* Description of the task:
An exact reproduction of the entries is needed. Keep all pictures out of it.

Top of Provided records

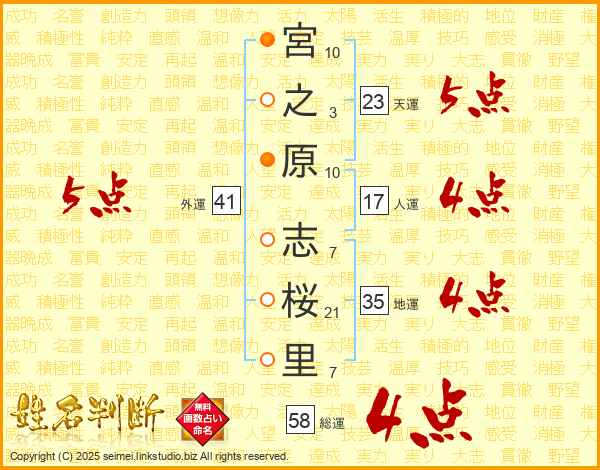 宮(10画)之(3画)原(10画) 志(7画)桜(21画)里(7画)
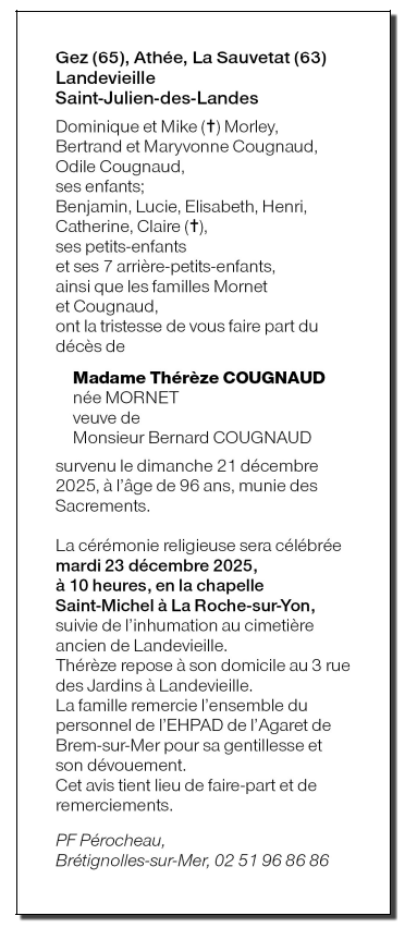 Overleden te Brem-sur-Mer (85470, Frankrijk) op zondag 21 december 2025 op 96-jarige leeftijd
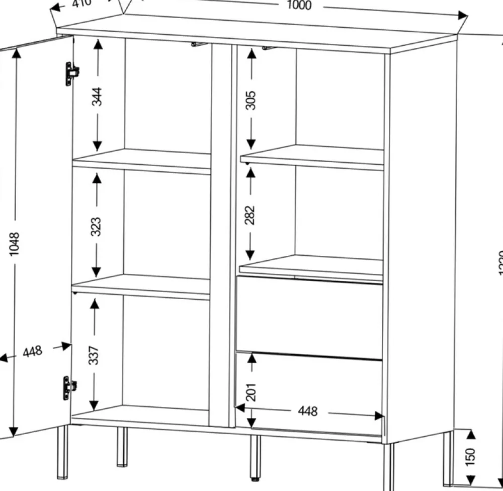 Wysokie, metalowe nóżki w kolorze czarnym nie tylko dodają meblowi lekkości, ale także ułatwiają utrzymanie czystości pod nim, minimalizując osadzanie się kurzu. Wysoka komoda do salonu otwiera się za pomocą mechanizmu push to open – wystarczy jedno dotknięcie, aby zyskać dostęp do przechowywanych rzeczy, co podkreśla jej nowoczesny charakter.
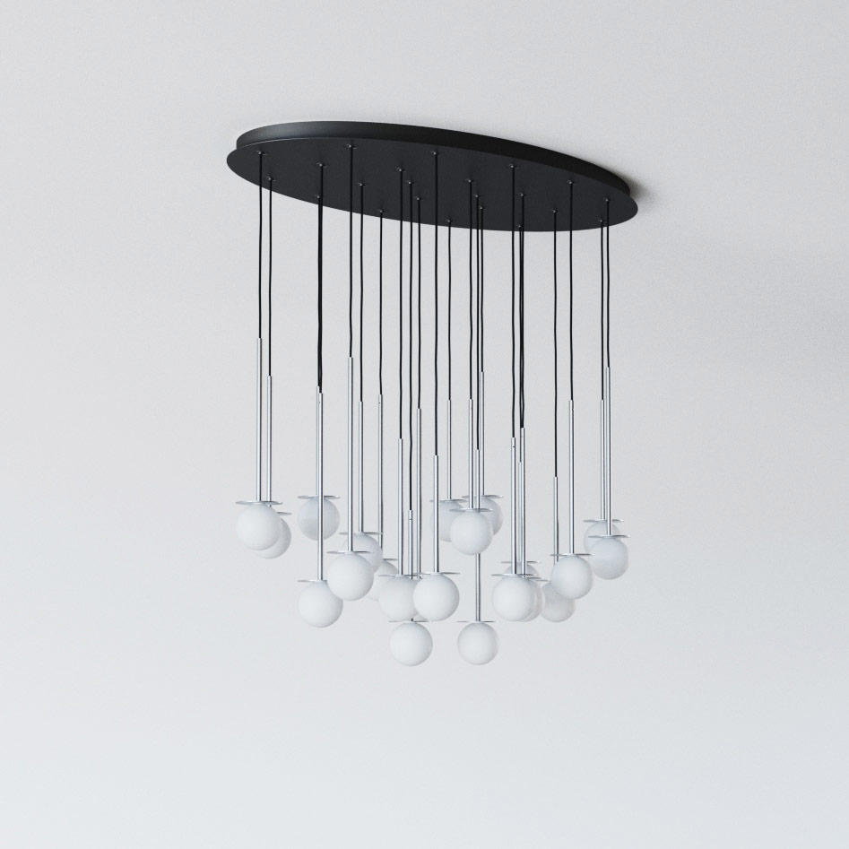 COTTON PANEL RH59 elipsa 1100x600, fi100 wisząca LED 22x2,7W/298lm/3000K, 230V, przewód czarny, kolor srebra (gładki mat)
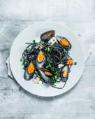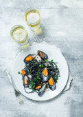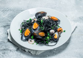 Makarony Śródziemnego. Spaghetti z atramentem mątwy i małże. Na tle rustykalnym.
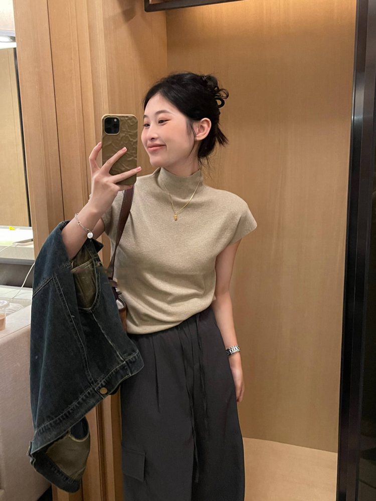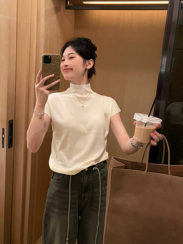 2024早秋季新款T恤女纯色高领针织衫宽松百搭套头短袖打底衫上衣
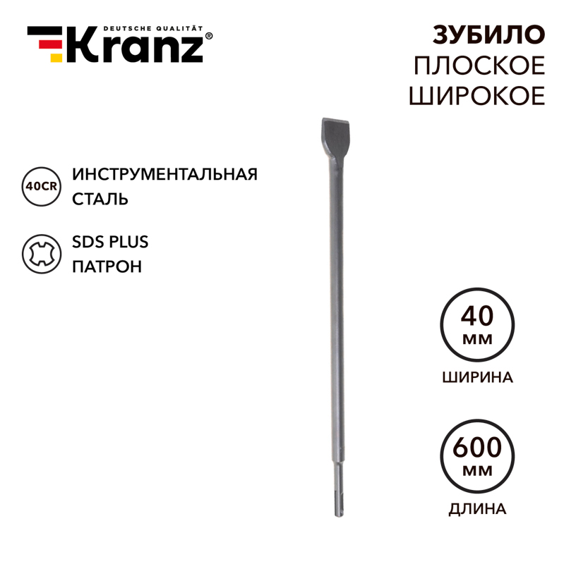 Зубило выполнено из сверхпрочной инструментальной стали, легированной хромом и молибденом (40Cr), благодаря чему имеет долгий срок службы. Изготовлено методом ковки, что повышает прочность и устойчивость оснастки к механическим воздействиям, а также минимизирует количество дефектов материала. Оптимальная заточка лопатки гарантирует высокую производительность и качество выполнения работы. Увеличенная рабочая часть легко справляется с обработкой широких поверхностей. Зубило имеет улучшенную форму для эффективного отвода пыли и мусора. Хвостовик стандарта SDS-plus диаметром 14 мм быстро и надежно крепится в легких строительных перфораторах с соответствующим патроном. Используется в ударном режиме.

Bottom of Provided records

* Answer to this problem:
 宮(10画)之(3画)原(10画) 志(7画)桜(21画)里(7画)
 Overleden te Brem-sur-Mer (85470, Frankrijk) op zondag 21 december 2025 op 96-jarige leeftijd
 Wysokie, metalowe nóżki w kolorze czarnym nie tylko dodają meblowi lekkości, ale także ułatwiają utrzymanie czystości pod nim, minimalizując osadzanie się kurzu. Wysoka komoda do salonu otwiera się za pomocą mechanizmu push to open – wystarczy jedno dotknięcie, aby zyskać dostęp do przechowywanych rzeczy, co podkreśla jej nowoczesny charakter.
 COTTON PANEL RH59 elipsa 1100x600, fi100 wisząca LED 22x2,7W/298lm/3000K, 230V, przewód czarny, kolor srebra (gładki mat)
 Makarony Śródziemnego. Spaghetti z atramentem mątwy i małże. Na tle rustykalnym.
 2024早秋季新款T恤女纯色高领针织衫宽松百搭套头短袖打底衫上衣
 Зубило выполнено из сверхпрочной инструментальной стали, легированной хромом и молибденом (40Cr), благодаря чему имеет долгий срок службы. Изготовлено методом ковки, что повышает прочность и устойчивость оснастки к механическим воздействиям, а также минимизирует количество дефектов материала. Оптимальная заточка лопатки гарантирует высокую производительность и качество выполнения работы. Увеличенная рабочая часть легко справляется с обработкой широких поверхностей. Зубило имеет улучшенную форму для эффективного отвода пыли и мусора. Хвостовик стандарта SDS-plus диаметром 14 мм быстро и надежно крепится в легких строительных перфораторах с соответствующим патроном. Используется в ударном режиме.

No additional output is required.